Chorizo Avocado Tacos
Making street style tacos is one of the best way to use up the last of some meat and vegetables. Not only that, it’s also a fun way to get creative with your cooking. These chorizo avocado tacos came about because I had half a log of some really good spicy chorizo and an avocado that was about to turn.
Paired with some raw white onion and topped with a lime crema (similar one I made for my Butternut Squash Buddha Bowl), these chorizo avocado tacos are a quick and easy weeknight meal. They can also be served as hors d’ouevres for an outdoor event. They can be great to make with kids, although be careful with the knife around the avocado. Did you know that avocados cause the most kitchen accidents over any other produce?
The mise-en-place is really the only thing that takes time here. I finely chopped up the spicy chorizo. If you don’t like spicy, you can use a regular chorizo as well.
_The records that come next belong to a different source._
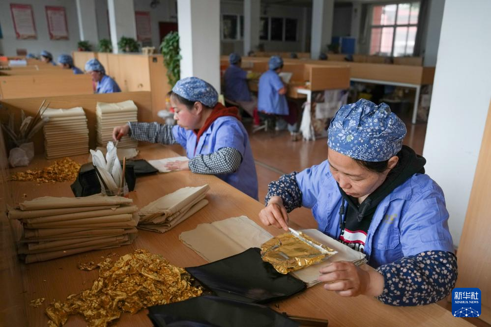 在南京金陵金箔集团股份有限公司,工人将切制好的金箔产品进行分装(2月10日摄)。
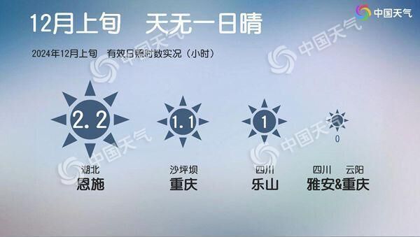 在剛剛結(jié)束的12月上旬里,南方多地陰雨不斷,不少地區(qū)累積日照時(shí)數(shù)偏少。其中,四川東部、重慶、貴州、湖南西部、湖北西南部一帶是全國降水日數(shù)最多、日照最少的區(qū)域,今年12月上旬上述地區(qū)累積日照時(shí)數(shù)比常年同期偏少,大多不足10小時(shí),部分站點(diǎn)不足5小時(shí)甚至1小時(shí),最少的是四川雅安和重慶云陽,整個(gè)12月上旬的有效日照時(shí)數(shù)甚至低至0小時(shí)。
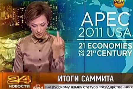 ทาเทียนา ลิมาโนวา นักข่าวชื่อดังของสถานีโทรทัศน์ REN TV ของรัสเซีย สร้างความฮือฮาไม่น้อยเมื่อเจ้าตัวชูนิ้วกลางขณะกำลังอ่านชื่อประธานาธิบดีบารัก โอบามา กลางอากาศ
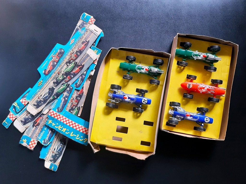 - '60s Ferrari 当時物 葉巻型 フォーミュラカー 香港製 未使用 5台セット !! ☆ LOTUS/FORD COOPER MASERATI F1 RACING ドライバー付き
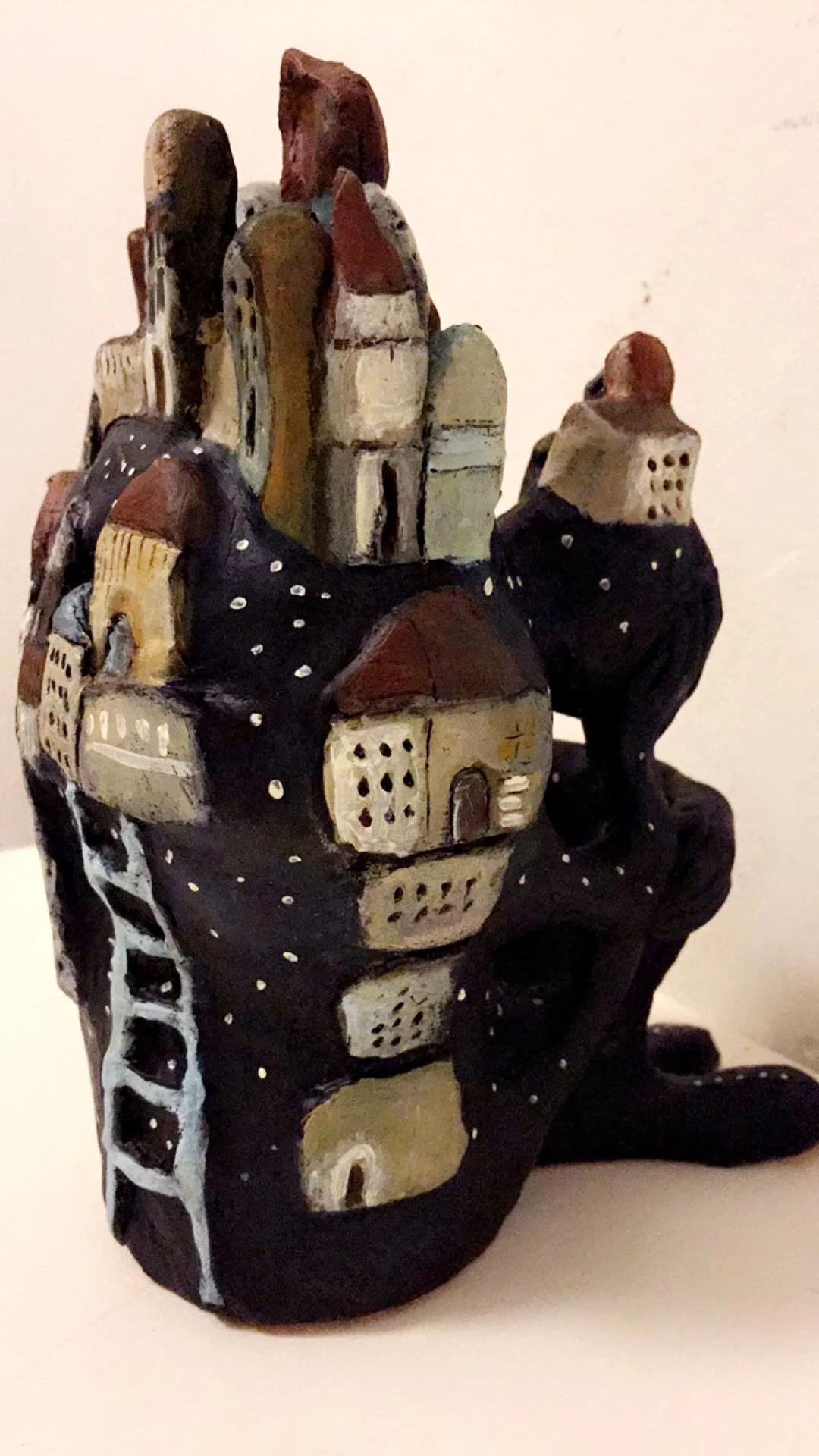 I'm thrilled to say I'm finished this beautiful girl and I'm besotted with her. Her buildings remind me of Orvieto, Italy. My favourite is her profile view and her 3D buildings from all angles.

The avocado I left in fairly decent chunks, and that’s because they were going in the pan with the chorizo. If you have never cooked avocado before, not to worry. Just know that as they bang around the pan they will shrink as the edges will get scraped around. Not a big deal at all.
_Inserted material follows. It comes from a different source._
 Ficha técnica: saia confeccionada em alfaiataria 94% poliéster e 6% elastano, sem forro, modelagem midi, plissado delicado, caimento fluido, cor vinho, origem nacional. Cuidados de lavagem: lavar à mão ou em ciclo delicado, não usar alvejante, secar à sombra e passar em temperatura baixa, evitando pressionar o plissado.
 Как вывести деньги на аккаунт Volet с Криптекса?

After you have everything prepared, just add a little olive oil to a skillet and put the heat on medium high. Drop in the spicy chorizo and let the pieces fry for a few minutes. Then drop in the avocado and some salt and toss everything for another couple minutes.
I don’t cook the white onion, but you can toss it in with the chorizo if you want it cooked. After everything in the pan is done, I put it in a bowl, add the onion and black pepper and give everything a good mix. For this I used mini flour tortillas, but you can of course use corn. Unfortunately where I live corn tortillas do not exist so I had to make do with these. The lime crema is simply some sour cream, salt, and lime juice mixed together. Cilantro is optional and I would have used it, except I was all out.
Chorizo Avocado Tacos
- 125 grams Spicy Chorizo finely diced; hard Spanish style chorizo
- 1 large Avocado or two small ones. Ripe, roughly diced
- 1/2 medium White Onion finely chopped
- 1 tbsp Olive Oil extra virgin
- 1 tsp Salt more or less to taste
- 60 ml Sour Cream
- 2 tbsp Lime Juice more or less to taste
- 1 tsp Black Pepper
- 4 Mini Tortillas I used mini flour tortillas for this
- Add the olive oil to a pan on medium high heat. Then add in the chorizo. Saute for about 3.
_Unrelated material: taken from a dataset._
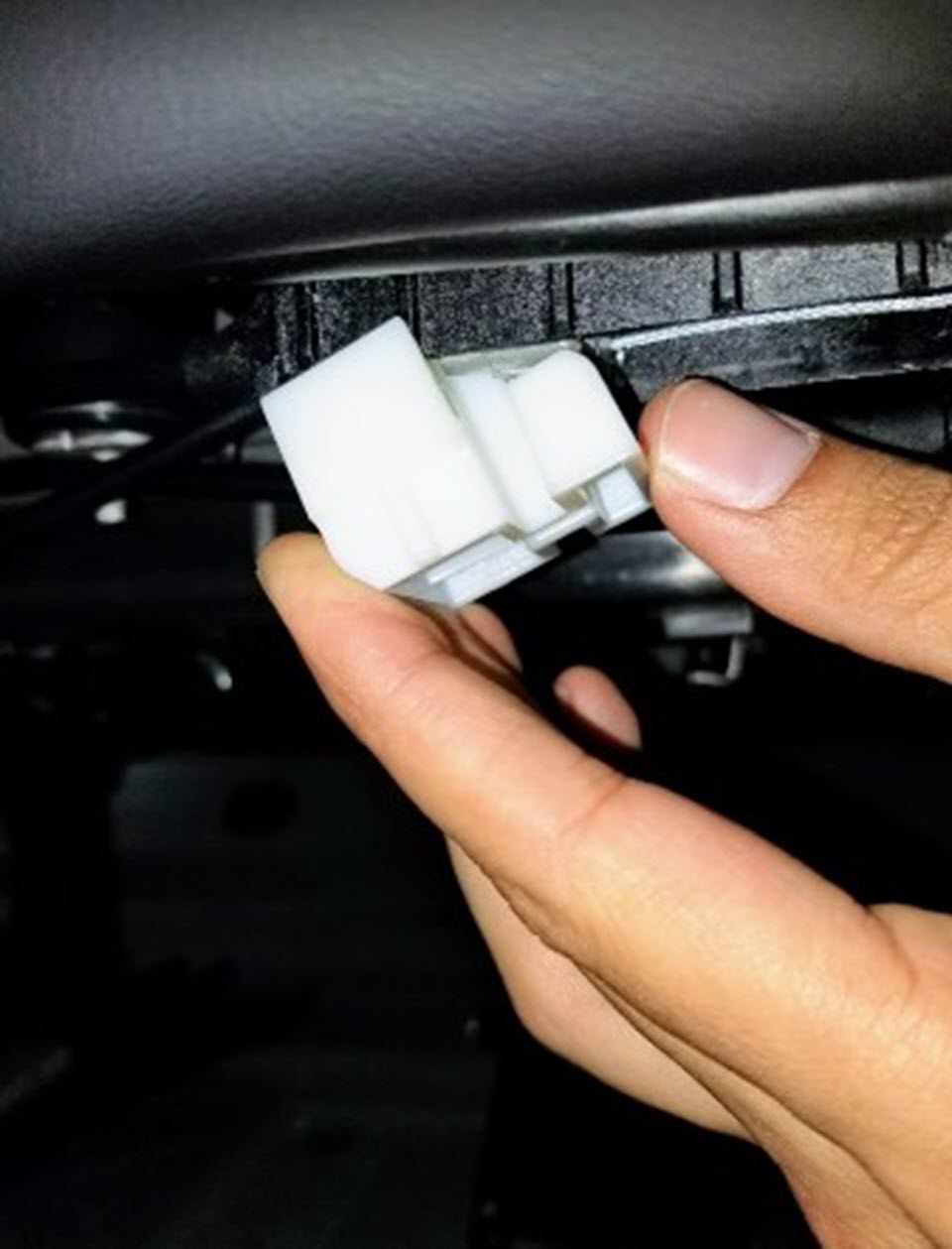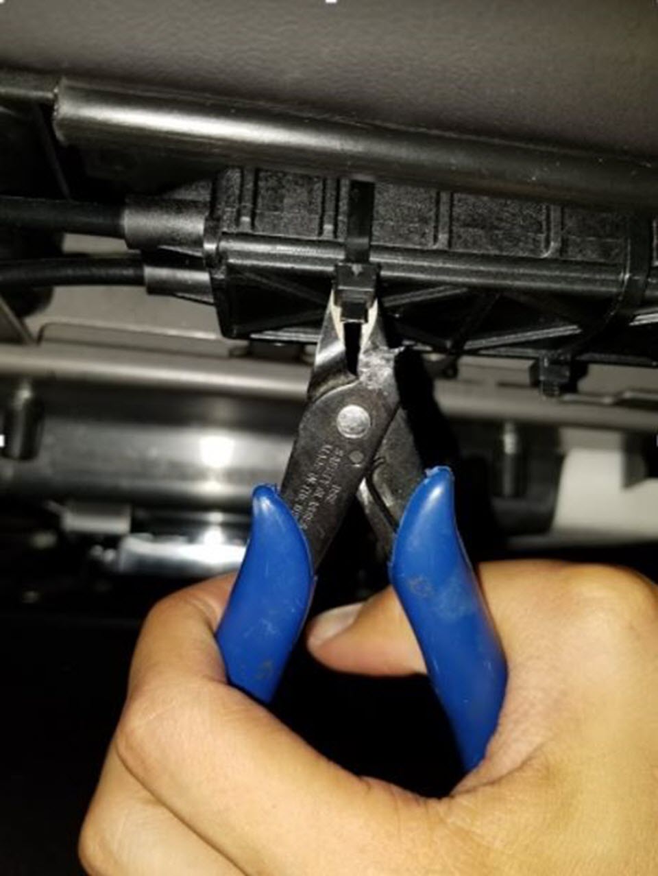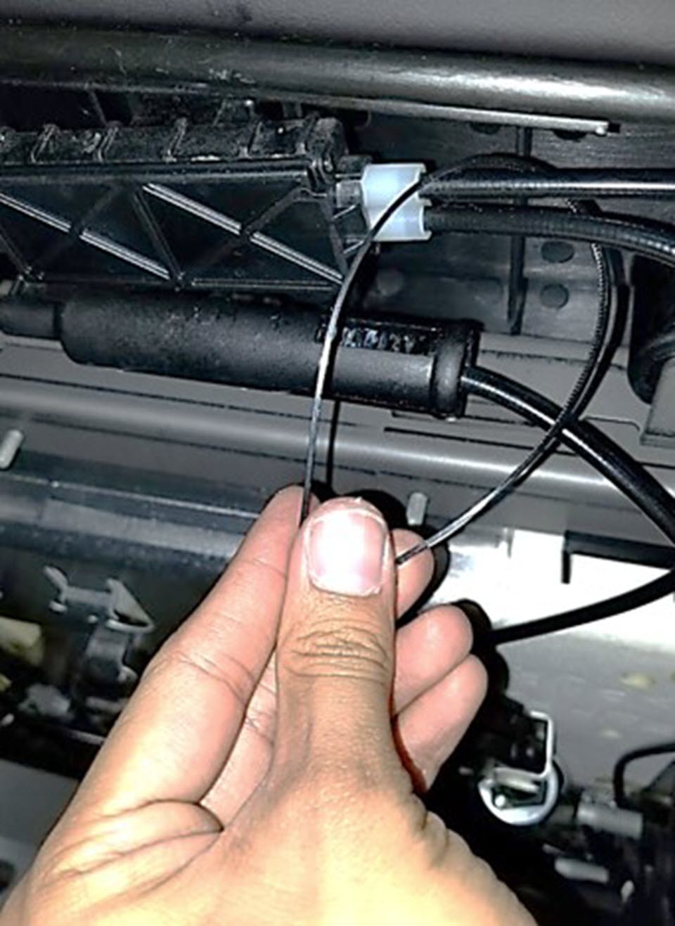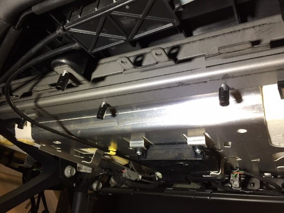 - Remove the cable ties (x2) that attach the 2nd row latch cable splitter box to under the seat.

- Add in the avocado and some salt and give everything a good toss. Saute for another 1-2 minutes. Then move to a bowl.
- Add the onion to the bowl along with some black pepper and mix.
- In another bowl add sour cream, some salt, and lime juice and mix everything up.
- Lay down your warmed tortillas and equally distribute the filling between each one. Top with some lime crema and serve immediately. They are best when still hot.